Open source, project-based, collaborative university curriculum
This approach has been tested in recent years by Stanford and a group of Canadian universities. This year, Stanford spokesman Jay Borenstein organized a large-scale initiative that included
14 universities that sent a
little more than a hundred students : Austin, Cornell, MIT, Stanford, (USA), McGuill, Toronto, Waterloo (Canada), Imperial College London (UK) , Tokyo (Japan), Sichuan (China), Helsinki, Tampere (Finland), Jagiellonian (Poland), National University (Singapore), and
14 Open Source projects : Eclipse, Formulize, Blackberry, MarkUs, Umple, Freeseer, Kotlin, MongoDB , Mozilla Open Badges, Phanator, PouchDB, ReviewBoard, Ruby-on-Rails, SocketIO.

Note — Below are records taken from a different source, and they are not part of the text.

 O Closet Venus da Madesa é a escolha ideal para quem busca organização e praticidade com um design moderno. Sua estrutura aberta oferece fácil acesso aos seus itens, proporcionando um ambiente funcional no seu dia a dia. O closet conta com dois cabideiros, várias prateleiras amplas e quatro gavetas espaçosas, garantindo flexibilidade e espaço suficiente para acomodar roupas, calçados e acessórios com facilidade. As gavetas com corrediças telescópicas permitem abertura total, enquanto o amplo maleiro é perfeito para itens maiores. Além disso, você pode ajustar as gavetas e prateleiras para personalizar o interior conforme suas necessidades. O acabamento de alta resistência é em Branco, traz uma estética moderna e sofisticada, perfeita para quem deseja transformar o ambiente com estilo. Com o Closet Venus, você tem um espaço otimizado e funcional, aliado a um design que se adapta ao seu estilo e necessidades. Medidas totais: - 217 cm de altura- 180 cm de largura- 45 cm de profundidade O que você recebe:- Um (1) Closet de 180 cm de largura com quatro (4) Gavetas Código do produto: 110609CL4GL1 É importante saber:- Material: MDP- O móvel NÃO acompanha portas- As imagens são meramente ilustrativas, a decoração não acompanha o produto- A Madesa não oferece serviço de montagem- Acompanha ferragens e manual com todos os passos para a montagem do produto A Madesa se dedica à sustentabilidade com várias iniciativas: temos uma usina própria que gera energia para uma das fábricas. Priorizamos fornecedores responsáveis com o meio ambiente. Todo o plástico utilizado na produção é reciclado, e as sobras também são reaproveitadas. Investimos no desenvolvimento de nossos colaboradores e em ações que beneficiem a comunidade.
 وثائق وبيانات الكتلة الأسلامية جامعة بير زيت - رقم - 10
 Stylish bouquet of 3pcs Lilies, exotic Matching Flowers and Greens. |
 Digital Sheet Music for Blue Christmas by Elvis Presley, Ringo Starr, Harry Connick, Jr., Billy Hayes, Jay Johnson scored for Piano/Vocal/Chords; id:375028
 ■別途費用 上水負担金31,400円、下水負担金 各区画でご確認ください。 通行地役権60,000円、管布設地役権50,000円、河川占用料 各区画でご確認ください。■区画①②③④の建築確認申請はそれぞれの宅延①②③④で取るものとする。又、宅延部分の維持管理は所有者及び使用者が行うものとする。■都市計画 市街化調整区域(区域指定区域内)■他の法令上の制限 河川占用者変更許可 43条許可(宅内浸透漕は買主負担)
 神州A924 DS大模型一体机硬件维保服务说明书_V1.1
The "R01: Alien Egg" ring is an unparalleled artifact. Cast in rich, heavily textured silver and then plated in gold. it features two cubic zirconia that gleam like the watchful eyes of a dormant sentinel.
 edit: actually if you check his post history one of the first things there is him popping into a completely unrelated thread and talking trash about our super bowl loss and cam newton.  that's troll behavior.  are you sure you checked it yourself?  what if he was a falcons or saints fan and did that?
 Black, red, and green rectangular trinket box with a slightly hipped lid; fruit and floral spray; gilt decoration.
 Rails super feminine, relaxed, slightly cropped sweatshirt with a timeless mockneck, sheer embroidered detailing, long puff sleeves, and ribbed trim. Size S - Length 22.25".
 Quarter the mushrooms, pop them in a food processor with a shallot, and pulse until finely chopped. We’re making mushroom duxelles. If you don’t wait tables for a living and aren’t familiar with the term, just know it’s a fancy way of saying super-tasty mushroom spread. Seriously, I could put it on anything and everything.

The approximate organization principle is as follows: each project provides one or several “
mentors ” who will supervise students. Students form
teams of up to eight people (usually from different universities).
For example, Kotlin was chosen by 11 students who made up two teams: one from Helsinki and Tokyo, and the other from Krakow and Cornell University (NY).
Representatives of universities take on the administrative work on the ground: organizing student meetings, various kinds of monitoring and other project management. Students write code, mentors read it and advise students on technical issues.
Kickoff hackathon
The project opened with an in-person meeting of all participants, which was held from January 18 to 21 on the Facebook campus in Menlo Park, CA.
Facebook sponsored this meeting and paid the road and accommodation for all participants, for which he thanks a lot.What we did in these three days. We first got acquainted, and then wrote the code (in fact, the whole event was called Hackathon, and writing the code was its main part).
Two of my teams worked according to this scheme: first they wrote
Game of Life to get acquainted with Kotlin, and then they were engaged in their projects. The Finnish-Japanese team is working on
a source code converter from Java to Kotlin , and the American-Polish team is working on smart IDE light bulbs (intention actions, quick fixes etc). The guys came up pretty strong, I think the results will be good.
Conclusion
The overall feeling of the event is very positive: everything is quite well organized, almost no unnecessary nonsense, a very friendly atmosphere. Something about the meeting and about the project in general can be read in
this group . If everything goes well, next year I will try to involve Russian universities in this project; I think that at least SPSU and ITMO should be interesting and useful.